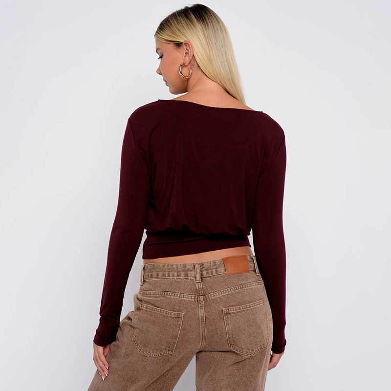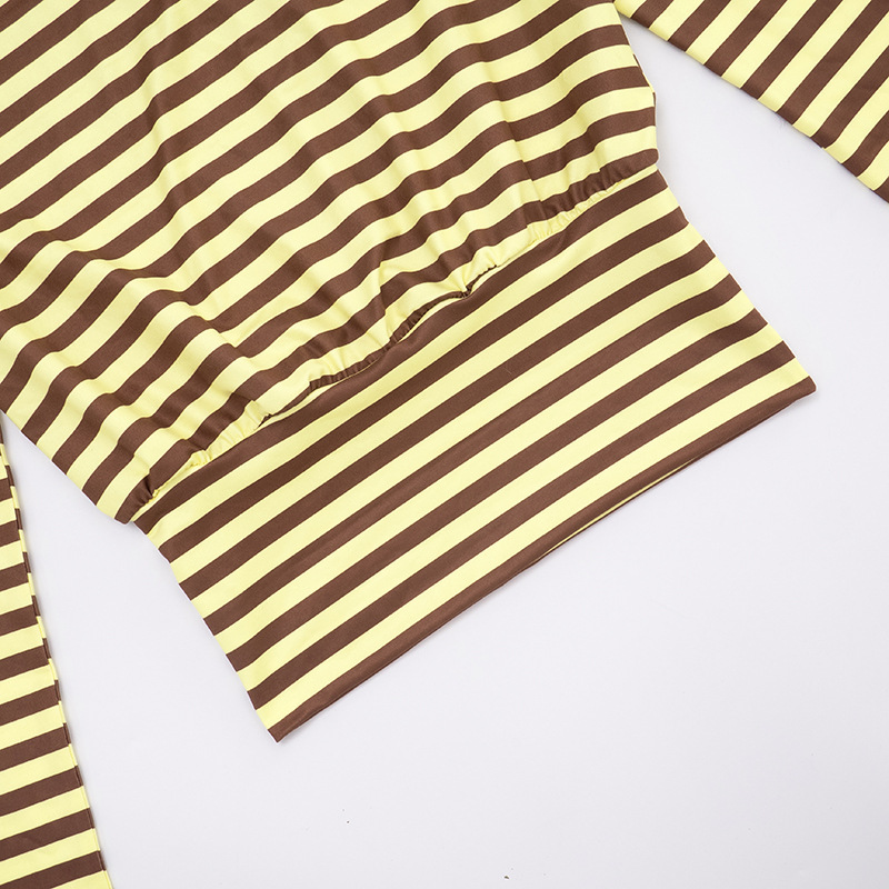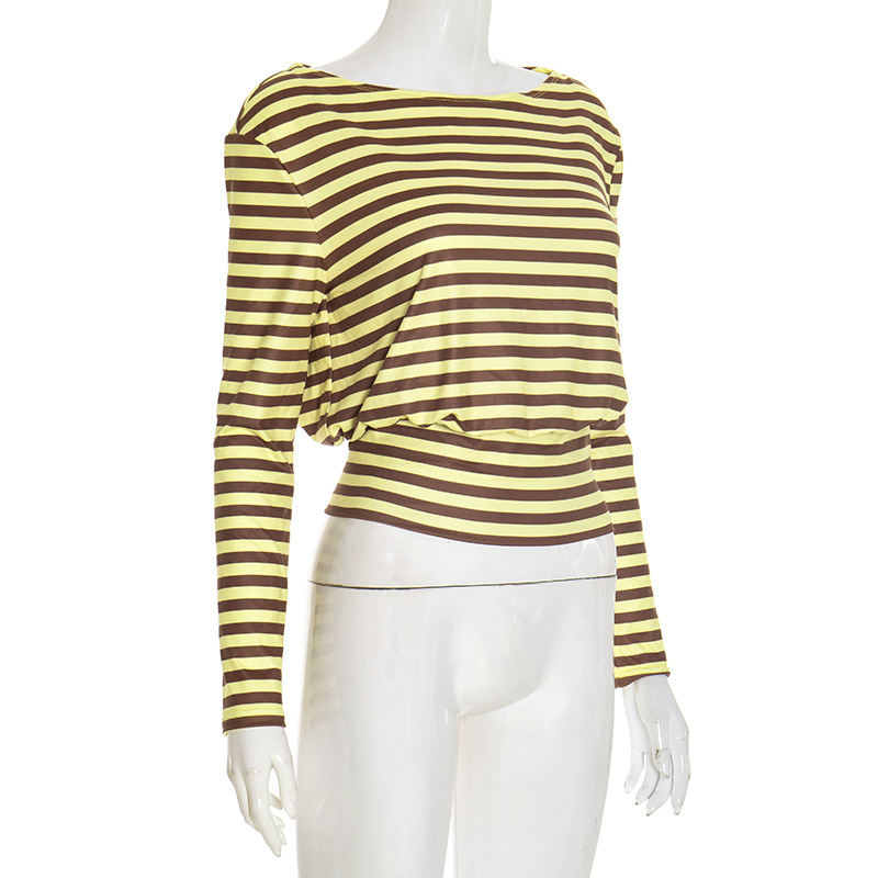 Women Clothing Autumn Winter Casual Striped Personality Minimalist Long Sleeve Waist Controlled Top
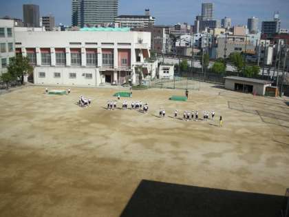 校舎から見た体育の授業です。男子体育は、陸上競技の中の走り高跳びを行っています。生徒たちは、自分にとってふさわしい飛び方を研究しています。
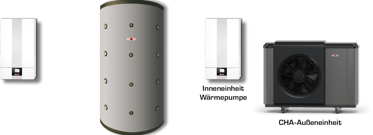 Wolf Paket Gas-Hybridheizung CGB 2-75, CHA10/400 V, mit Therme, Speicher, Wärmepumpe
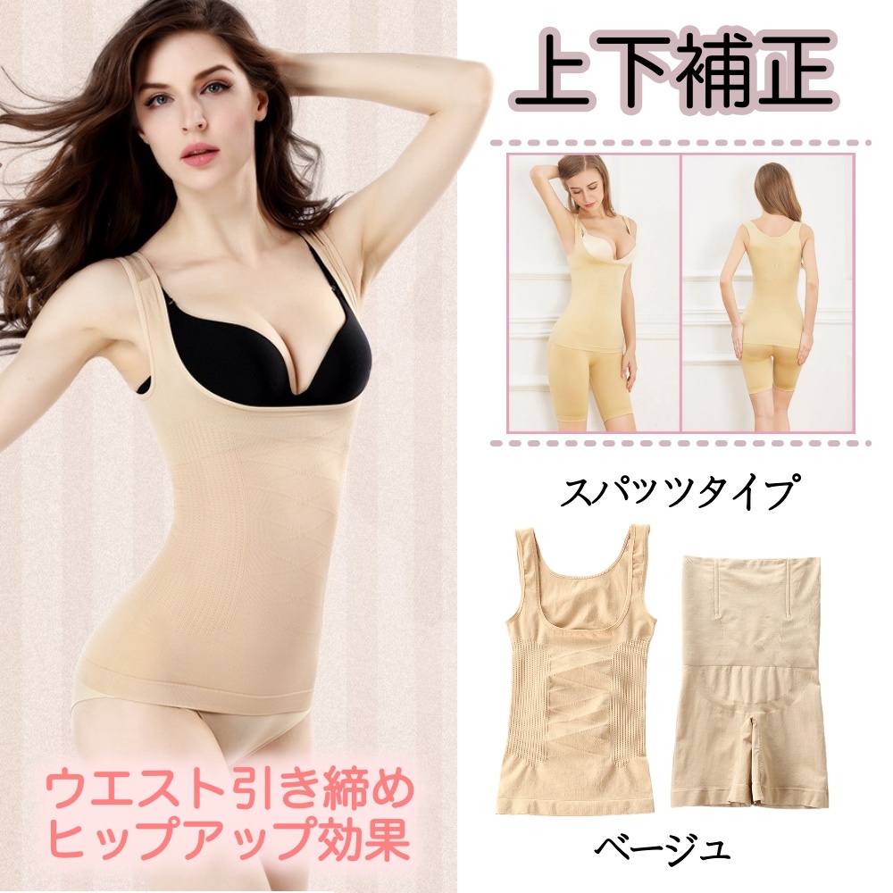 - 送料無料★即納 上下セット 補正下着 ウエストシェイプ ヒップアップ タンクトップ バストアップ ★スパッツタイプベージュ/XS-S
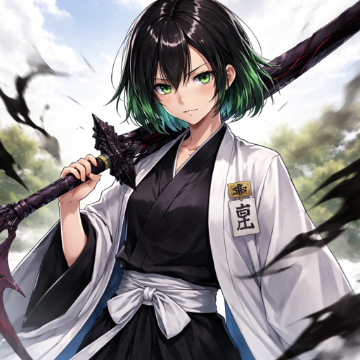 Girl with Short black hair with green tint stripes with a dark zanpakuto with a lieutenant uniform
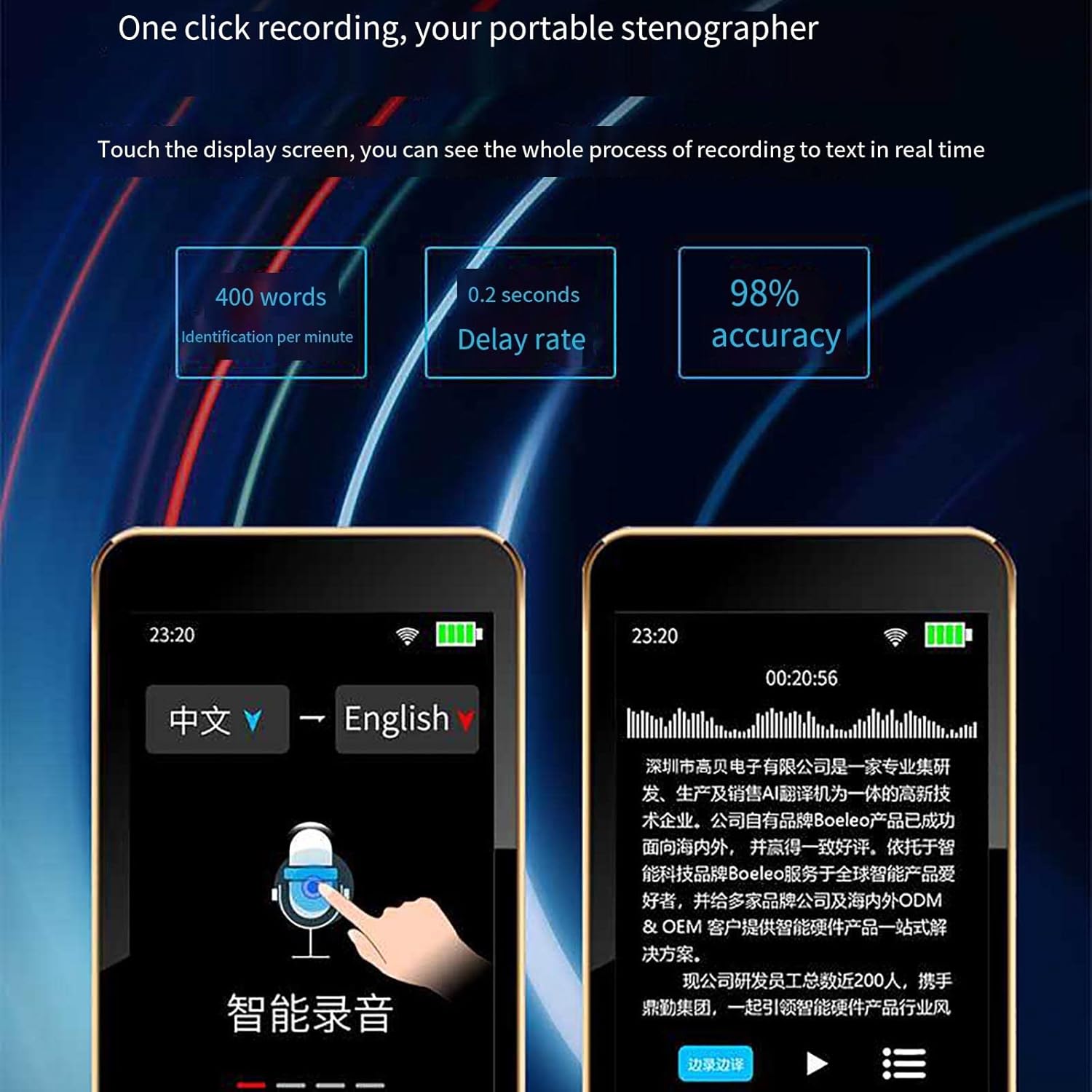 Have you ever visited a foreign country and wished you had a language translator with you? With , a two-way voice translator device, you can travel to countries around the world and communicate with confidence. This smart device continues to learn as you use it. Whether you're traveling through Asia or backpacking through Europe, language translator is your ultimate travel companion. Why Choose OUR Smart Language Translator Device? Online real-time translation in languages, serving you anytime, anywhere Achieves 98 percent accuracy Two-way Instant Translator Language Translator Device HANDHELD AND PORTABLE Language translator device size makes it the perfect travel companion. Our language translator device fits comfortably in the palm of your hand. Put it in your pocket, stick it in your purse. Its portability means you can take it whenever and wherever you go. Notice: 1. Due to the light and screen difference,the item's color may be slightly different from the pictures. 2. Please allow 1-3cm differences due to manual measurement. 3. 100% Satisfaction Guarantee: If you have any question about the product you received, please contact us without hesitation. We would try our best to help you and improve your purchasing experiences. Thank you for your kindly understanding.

-- -- --

Exercise description |
Give all the records again, exactly, without images.

Written solution |
 Women Clothing Autumn Winter Casual Striped Personality Minimalist Long Sleeve Waist Controlled Top
 校舎から見た体育の授業です。男子体育は、陸上競技の中の走り高跳びを行っています。生徒たちは、自分にとってふさわしい飛び方を研究しています。
 Wolf Paket Gas-Hybridheizung CGB 2-75, CHA10/400 V, mit Therme, Speicher, Wärmepumpe
 - 送料無料★即納 上下セット 補正下着 ウエストシェイプ ヒップアップ タンクトップ バストアップ ★スパッツタイプベージュ/XS-S
 Girl with Short black hair with green tint stripes with a dark zanpakuto with a lieutenant uniform
 Have you ever visited a foreign country and wished you had a language translator with you? With , a two-way voice translator device, you can travel to countries around the world and communicate with confidence. This smart device continues to learn as you use it. Whether you're traveling through Asia or backpacking through Europe, language translator is your ultimate travel companion. Why Choose OUR Smart Language Translator Device? Online real-time translation in languages, serving you anytime, anywhere Achieves 98 percent accuracy Two-way Instant Translator Language Translator Device HANDHELD AND PORTABLE Language translator device size makes it the perfect travel companion. Our language translator device fits comfortably in the palm of your hand. Put it in your pocket, stick it in your purse. Its portability means you can take it whenever and wherever you go. Notice: 1. Due to the light and screen difference,the item's color may be slightly different from the pictures. 2. Please allow 1-3cm differences due to manual measurement. 3. 100% Satisfaction Guarantee: If you have any question about the product you received, please contact us without hesitation. We would try our best to help you and improve your purchasing experiences. Thank you for your kindly understanding.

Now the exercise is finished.